August 25, 2024 21 분 소요

클러스터링, 군집화

데이터가 주어졌을 때, 여러 개의 그룹으로 나누는 것
유사한 특성을 가진 그룹을 발견해내는 일

내부 멤버들 간의 사이(Intra-clust)는 가깝고, 그룬 간 사이(Inter-cluster)는 멀게 그룹을 만드는 것
그룹에 대한 정답이 있으면 분류 문제이지만 클러스터링은 비지도 학습으로 어느 그룹에 있는지 정답은 없다.

언제 사용할까?

유사한 뉴스 그룹 : 문서 군집화

가까운 위치 좌표끼리 묶기

유사한 유저군 나누기 : 마켓 세분화

시장을 적절한 수로 나누고, 각 시장, 타겟 별로 효과적인 정책을 찾아낸다.

종류

Partition-based Clustering

미리 군집(그룹)의 수를 정해두고 클러스터링하는 방식
대표적인 알고리즘
- K-means
- K-Medoids

### K-means Clustering

사용자가 미리 군집수(k) 정의
처음에는 랜덤으로 k개의 중심점(Centroid)를 정함 - 각 군집은 하나의 중심(Centroid)를 가지고 있다.
데이터 point를 돌면서 가까운 중심점이 있는 그룹에 각 데이터를 할당 - 이 때 각 개체 간 거리는 Euclidean distance 사용
모두 그룹을 할당했다면, 각 그룹마다 새 중심점(Centroid) - 클러스터 내 평균점을 새로 구함
3-4 단계를 반복하다가 더 이상 그룹 이동이 일어나지 않으면 멈춤

Hierarchical based Clustering

여러개의 군집 중에서 가장 유사도가 높은 혹은 거리가 가까운 군집 두 개를 선택하여 하나로 합치면서 군집 개수를 줄여가는 방법으로 agglomerative clustering(합체 군집)라고도 한다.
가까운 데이터를 서로 묶기 위해서는 먼저 각 군집 간 거리를 계산해야 한다.

Centroid Distance

각 군집의 중심점 사이의 거리를 계산하는 방법
계층 클러스터링이 아니더라도 사용할 수 있는 방법

Median Distance

Hierarchical based Clustering에서 사용할 수 있는 방법
군집 u가 군집 s와 군집 t의 결합으로 생성된 군집이라면, 중심점을 새로 계산하지 않고, 기존 s와 t의 중심점의 평균을 사용한다 -> 더 빠른 계산 가능

Density based Clustering

데이터가 밀집한 정도, 밀도를 이용한 클러스터링 방법

DBSCAN clustering

군집의 개수를 사용자가 지정할 필요가 없다.
초기 데이터로부터 근접한 데이터를 찾아나가는 방법으로 군집을 확장
필요한 파라미터는 2가지로 ‘근접하다’를 정의
- 최소거리 a (다른 점들을 이웃으로 묶기 위함)
- 최소 데이터 개수 b (밀집 지역으로 정의하기 위함)
최소거리 a안에 있는 데이터는 이웃이다.
최소거리 a안에 최소 데이터 개수 b 이상의 데이터가 있으면, 이 데이터를 core로 정의
core데이터는 하나의 클러스터를 형성하고, 그 core와 a 거리 내에 있는 점들은 같은 클러스터로 분류

K-means는 중심점을 기준으로 그룹을 형성하기 때문에, 원의 형태로 군집이 만들어짐
서로 이웃한 데이터들을 같은 클러스터에 포함시키기 때문에 불특정한 모양의 클러스터가 형성

정답이 없는 클러스터링, 어떻게 평가할까?

이미 정답이 있는 분류문제와 달리 성능 기준을 만들기 어렵다. 따라서 기준을 사용할 수 있지만, 그 중 클러스터에 대한 정답이 없는 경우 사용할 수 있는 기준을 알아보자

Silhouette Coefficient: 실루엣 계수

모든 데이터 쌍 (i, j)에 대한 거리나 dissimilarity를 구한다.
- a_i : i와 같은 군집에 속한 원소들의 평균 거리
- b_i : i와 다른 군집 중 가장 가까운 군집까지의 평균 거리

-> 만약 a 같은 군집 내 평균 거리가 더 가깝다면 양수, 다른 군집과의 거리가 가깝다면 음수가 나온다.
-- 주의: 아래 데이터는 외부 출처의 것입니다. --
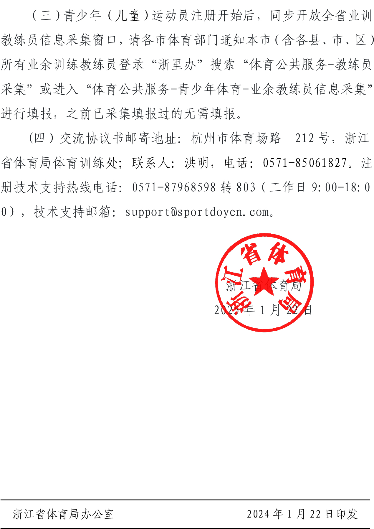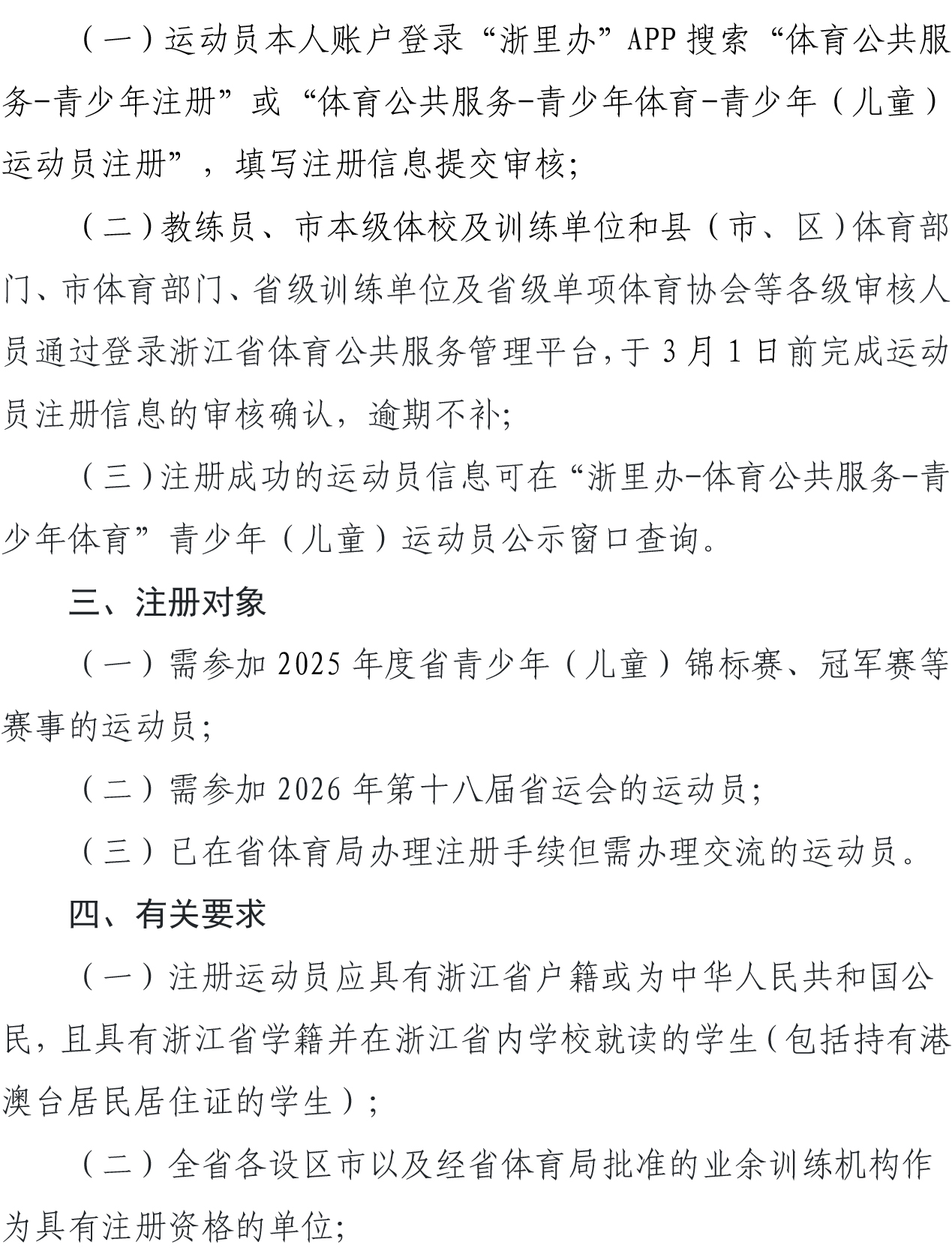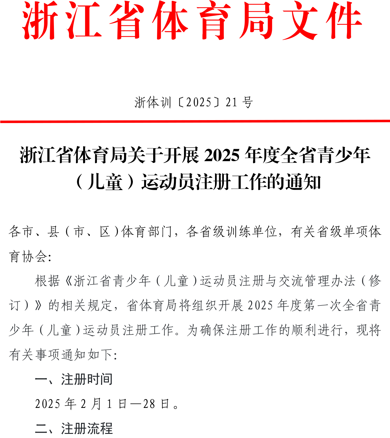 浙江省体育局关于开展2025年度全省青少年(儿童)运动员注册工作的通知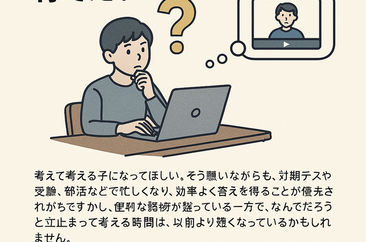 2026/02/15自分で考える子になってほしい。そう願いながらも、わからないことがあればすぐに検索し、動画で解説を見れば答えにたどり着ける時代です。便利な環境が整っている一方で、なんでだろうと立ち止まって考える時間は、以前より短くなっているかもしれません。 中学生や高校生になると、定期テストや受験、部活動などで忙しくなり、効率よく答えを得ることが優先されがちです。しかし、本当に身につけたいのは、答えそのものでは... -
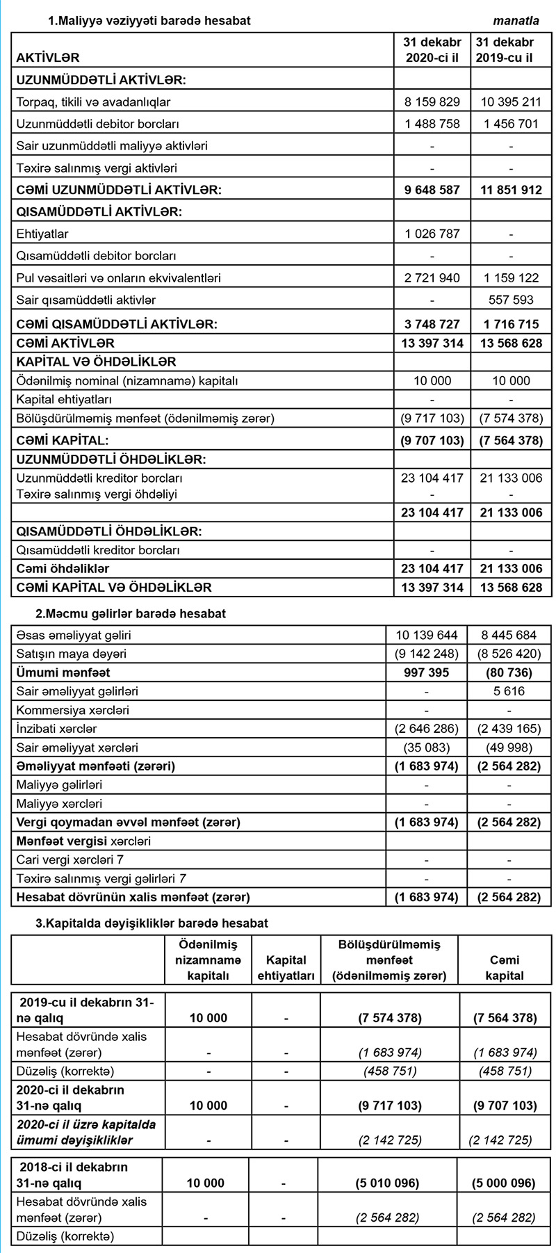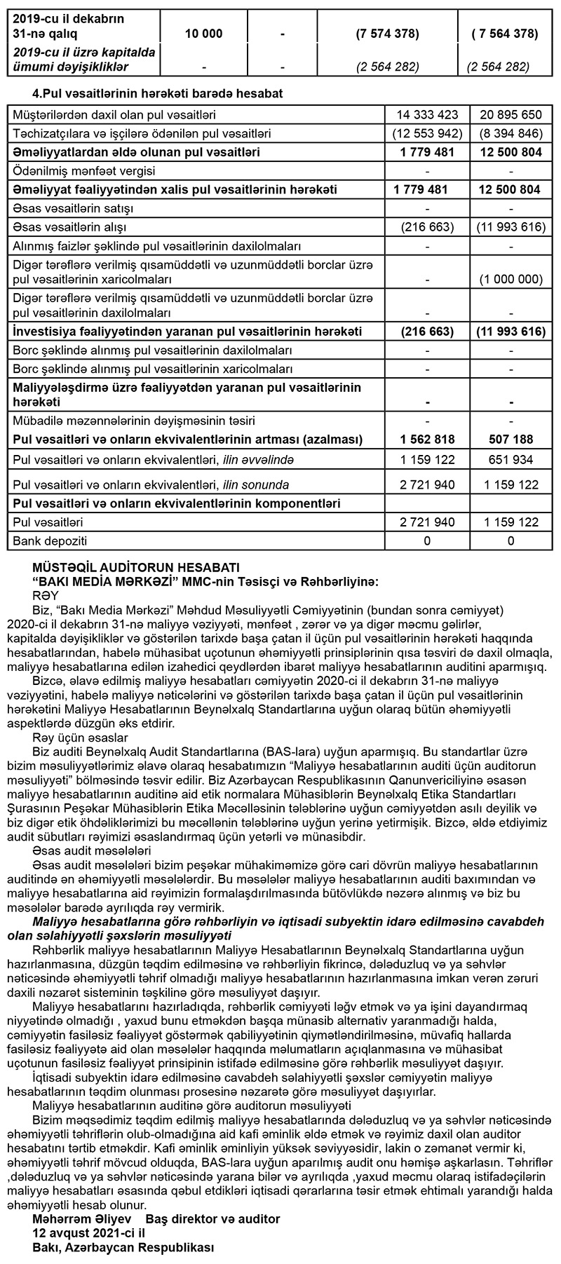 Azərbaycanda audiovizual məhsulların istehsalı ilə məşğul olan “Bakı Media Mərkəzi” Məhdud Məsuliyyətli Cəmiyyəti 2020-ci il dekabrın 31-nə maliyyə fəaliyyətinin nəticələri haqqında hesabatını dərc etdirib.

다양한 클러스터링 방법을 통해 유저 세그먼트를 나눠보자

라이브러리 불러오기

import pandas as pd
import numpy as np
import seaborn as sns
import matplotlib.pyplot as plt
from matplotlib import colors

👣 데이터 살펴보기

# 나의 구글 드라이브를 mount (colaboratory 노트북이 떠있는 위치에서 드라이브의 파일에 접근할 수 있게 만드는 것) 하는 명령어
from google.colab import drive
drive.mount('/content/drive')

# 판다스로 데이터 불러오기
# 아래에 customer_personality_analysis.csv 가 있는 경로로 이동합니다
# 경로 설정
DRIVE_PATH = "/content/drive/MyDrive/" # 내 드라이브의 경로이다
FILE_PATH_IN_MY_DRIVE = "zerobase/유저 데이터 분석/유저 군집 분석하기/data/customer_personality_analysis.csv" # 내 드라이브 내 파일이 있는 경로
PATH = DRIVE_PATH +  FILE_PATH_IN_MY_DRIVE

df = pd.read_csv(PATH , sep="\t") # csv 파일 읽어오기
df.head()

# ID,Year_Birth,Education
# ID\tYear\t

	ID	Year_Birth	Education	Marital_Status	Income	Kidhome	Teenhome	Dt_Customer	Recency	MntWines	...	NumWebVisitsMonth	Z_CostContact	Z_Revenue	Response
0	5524	1957	Graduation	Single	58138.0	0	0	04-09-2012	58	635	...	7	3	11	1
1	2174	1954	Graduation	Single	46344.0	1	1	08-03-2014	38	11	...	5	3	11	0
2	4141	1965	Graduation	Together	71613.0	0	0	21-08-2013	26	426	...	4	3	11	0
3	6182	1984	Graduation	Together	26646.0	1	0	10-02-2014	26	11	...	6	3	11	0
4	5324	1981	PhD	Married	58293.0	1	0	19-01-2014	94	173	...	5	3	11	0

print("데이터 전체의 행 수: ",len(df))
print("데이터 컬럼 수: ",len(df.columns))

=>

데이터 전체의 행 수:  2240
데이터 컬럼 수:  29

데이터 컬럼 종류

People (사람)

ID: Customer’s unique identifier
Year_Birth: Customer’s birth year
Education: Customer’s education level (교육 수준)
Marital_Status: Customer’s marital status (결혼 상태)
Income: Customer’s yearly household income
Kidhome: Number of children in customer’s household (어린 아이의 수)
Teenhome: Number of teenagers in customer’s household (10대 수)
Dt_Customer: Date of customer’s enrollment with the company (서비스 가입 날짜)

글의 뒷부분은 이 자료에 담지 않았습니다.